Influence of GeP precipitates on the thermoelectric properties of P-type GeTe and Ge0.9−xPxSb0.1Te compounds

• Published in: CrystEngComm Vol. 2; no. 41; pp. 6449 - 6457
• Main Authors: Rajeev Gandhi, J, Nehru, Raja, Chen, Sheng-Ming, Sankar, Raman, Bayikadi, Khasim Saheb, Sureshkumar, Palanivel, Chen, Kuei-Hsien, Chen, Li-Chyong
• Format: Journal Article
• Language: English
• Published: Cambridge Royal Society of Chemistry 2018
• Subjects: Antimony; Carrier density; Diffraction; Doping; Electric power generation; Energy dispersive X ray spectroscopy; Field emission microscopy; Germanium; Heat conductivity; Heat transfer; Intermetallic compounds; Materials selection; Microscopy; Phase transitions; Phosphides; Point defects; Precipitates; Scanning electron microscopy; Seebeck effect; Synchrotron radiation; Tellurides; Temperature dependence; Thermal conductivity; Thermoelectricity; Transmission electron microscopy; X ray powder diffraction; X-ray diffraction
• ISSN: 1466-8033
• DOI: 10.1039/c8ce01134f

Germanium telluride (GeTe) is a very well known IV-VI group semiconducting material with the advantageous property of showing metallic conduction, which materializes from its superior carrier concentration ( n ) (high number of Ge vacancies).

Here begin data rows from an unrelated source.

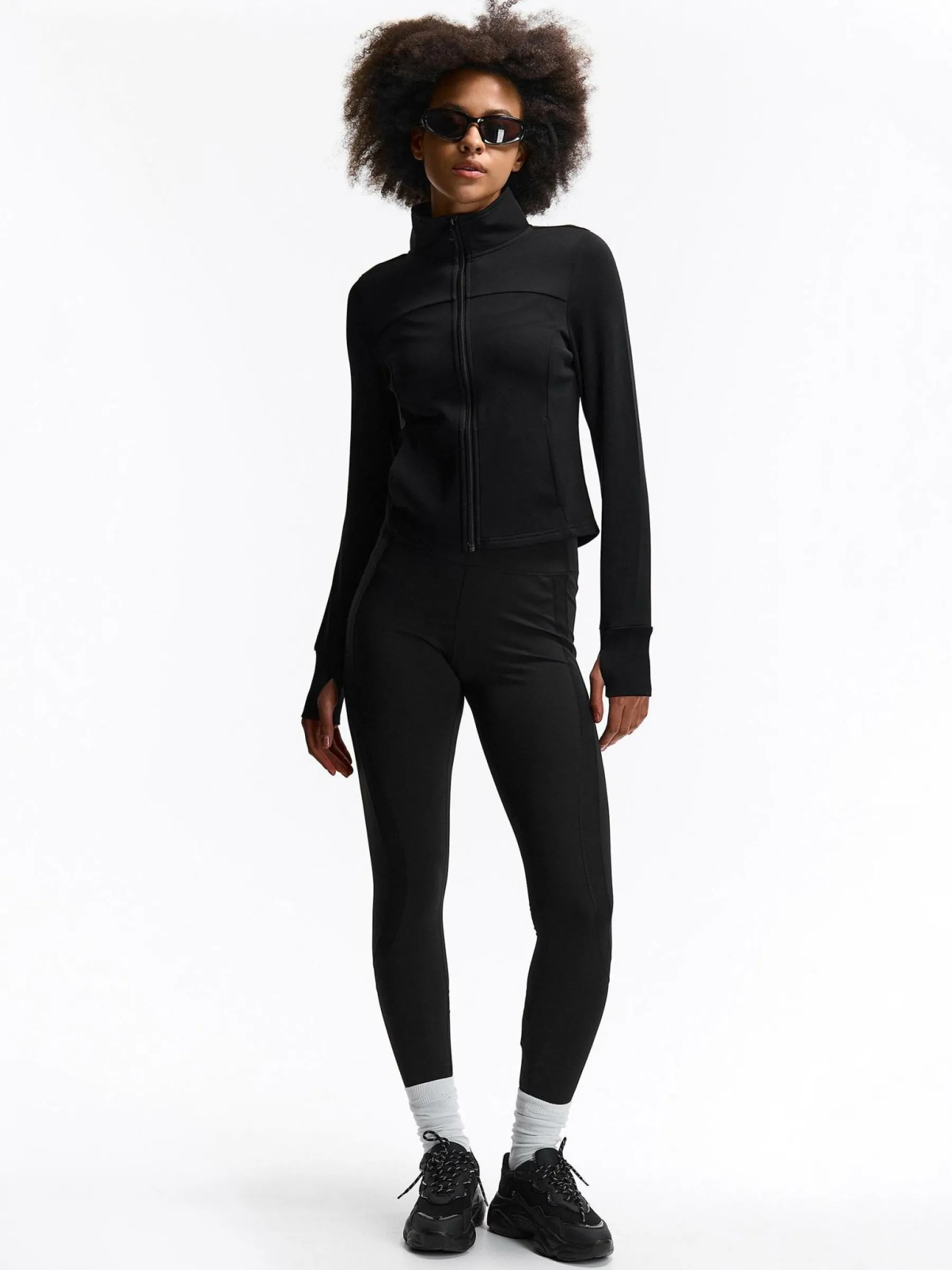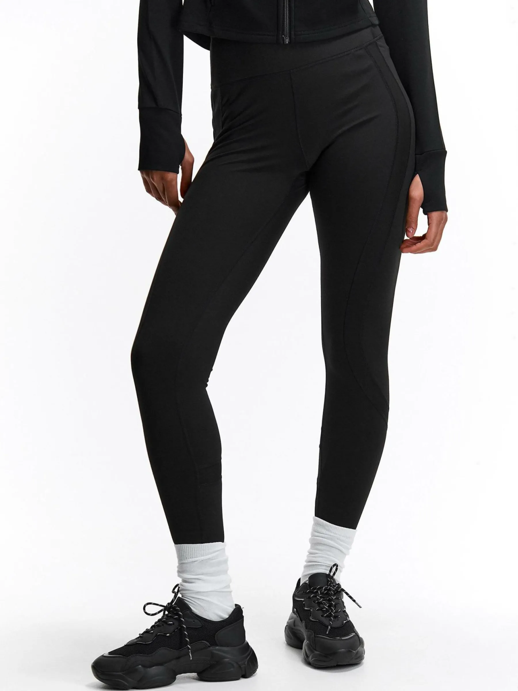 Kolor: czarnyKrój: slim, z wysokim stanemTyp: legginsyDługość: dlugiePattern style: pojedynczy kolorDetal: z elastyc…
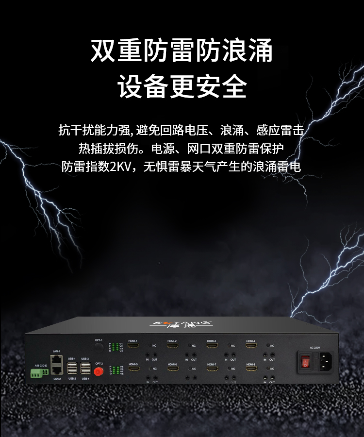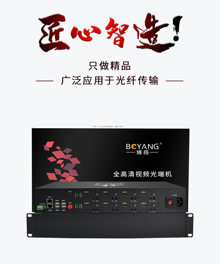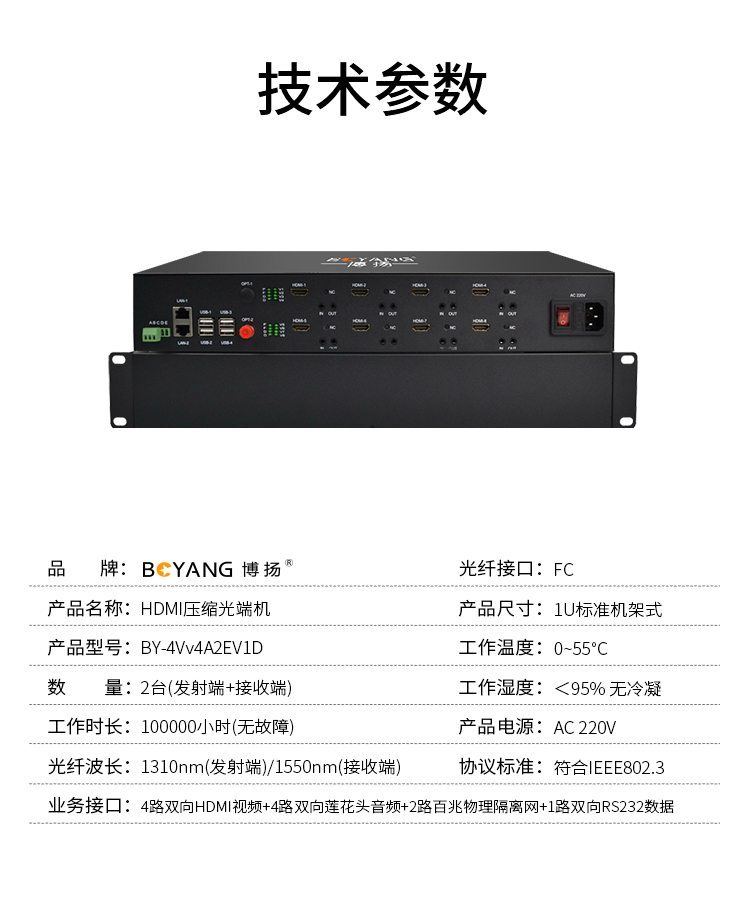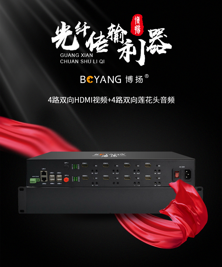博扬 多业务光端机 4路双向HDMI视频+4路双向RCA音频+2路百兆物理隔离+1路RS232数据 黑色
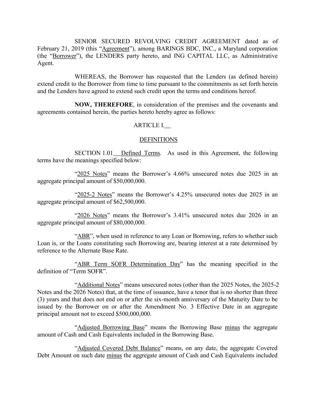 SENIOR SECURED REVOLVING CREDIT AGREEMENT dated as of February 21, 2019 (this “Agreement”), among BARINGS BDC, INC., a Maryland corporation (the “Borrower”), the LENDERS party hereto, and ING CAPITAL LLC, as Administrative Agent. WHEREAS, the Borrower has requested that the Lenders (as defined herein) extend credit to the Borrower from time to time pursuant to the commitments as set forth herein and the Lenders have agreed to extend such credit upon the terms and conditions hereof. NOW, THEREFORE, in consideration of the premises and the covenants and agreements contained herein, the parties hereto hereby agree as follows: ARTICLE I. DEFINITIONS SECTION 1.01 Defined Terms. As used in this Agreement, the following terms have the meanings specified below: “2025 Notes” means the Borrower’s 4.66% unsecured notes due 2025 in an aggregate principal amount of $50,000,000. “2025-2 Notes” means the Borrower’s 4.25% unsecured notes due 2025 in an aggregate principal amount of $62,500,000. “2026 Notes” means the Borrower’s 3.41% unsecured notes due 2026 in an aggregate principal amount of $80,000,000. “ABR”, when used in reference to any Loan or Borrowing, refers to whether such Loan is, or the Loans constituting such Borrowing are, bearing interest at a rate determined by reference to the Alternate Base Rate. “ABR Term SOFR Determination Day” has the meaning specified in the definition of “Term SOFR”. “Additional Notes” means unsecured notes (other than the 2025 Notes, the 2025-2 Notes and the 2026 Notes) that, at the time of issuance, have a tenor that is no shorter than three (3) years and that does not end on or after the six-month anniversary of the Maturity Date to be issued by the Borrower on or after the Amendment No. 3 Effective Date in an aggregate principal amount not to exceed $500,000,000. “Adjusted Borrowing Base” means the Borrowing Base minus the aggregate amount of Cash and Cash Equivalents included in the Borrowing Base. “Adjusted Covered Debt Balance” means, on any date, the aggregate Covered Debt Amount on such date minus the aggregate amount of Cash and Cash Equivalents included
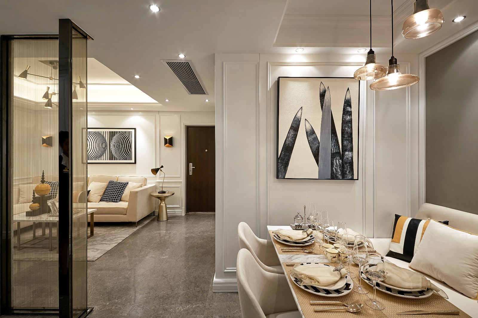 空间设计流畅、简洁。这类样式的装扮更加倾向于室内面积宽敞、内外通畅,并且最大程度的引入自然光,在居室平面设计中追求流畅感,墙面、地面、顶棚以及家具陈设乃至灯具器皿等,均以简洁的造型、纯洁的质地、精细的工艺为其特征。

A systematic investigation into the thermoelectric properties (TEP) of GeTe was reported by way of carrier concentration ( n ) engineering. The present investigation focuses on studying the effects of doping (antimony - Sb) and co-doping (phosphorus - P) on the TEP of GeTe. In order to understand the system, we have prepared p-type GeTe and Ge 0.9− x P x Sb 0.1 Te ( x = 0, 0.01, 0.03, or 0.05) samples via a non-equilibrium solid state melt quenching (MQ) process, followed by hot press consolidation. Temperature dependent synchrotron X-ray diffraction studies reveal a phase transition from rhombohedral to simple cubic in the Ge 0.9− x P x Sb 0.1 Te system at 573 K, which is clearly reflected in the TEP. Further high resolution transmission electron microscopy (HRTEM) studies reveal the pseudo-cubic nature of the sample. However, powder X-ray diffraction (PXRD) and field emission scanning electron microscopy (FESEM) images and energy dispersive X-ray spectroscopy (EDX) studies confirm the presence of germanium phosphide (GeP) in all P-doped samples. The presence of a secondary phase and point defects (Sb & P) enhanced the additional scattering effects in the system, which influenced the Seebeck coefficient and thermal conductivity of GeTe. A significant enhancement in the Seebeck coefficient ( S ) to ∼225 μV K −1 and a drastic reduction in thermal conductivity ( κ ) to ∼1.2 W mK −1 effectively enhanced the figure-of-merit (ZT) to ∼1.72 at 773 K for Ge 0.87 P 0.03 Sb 0.1 Te, which is a ∼3 fold increase for GeTe. Finally, P co-doped Ge 0.9 Sb 0.1 Te demonstrates an enhancement in ZT, making it a good candidate material for power generation applications. The incorporation of P in GST forms the secondary GeP rich phase. The presence of secondary phase and point defects (Sb and P) enhanced the additional scattering effects in the system.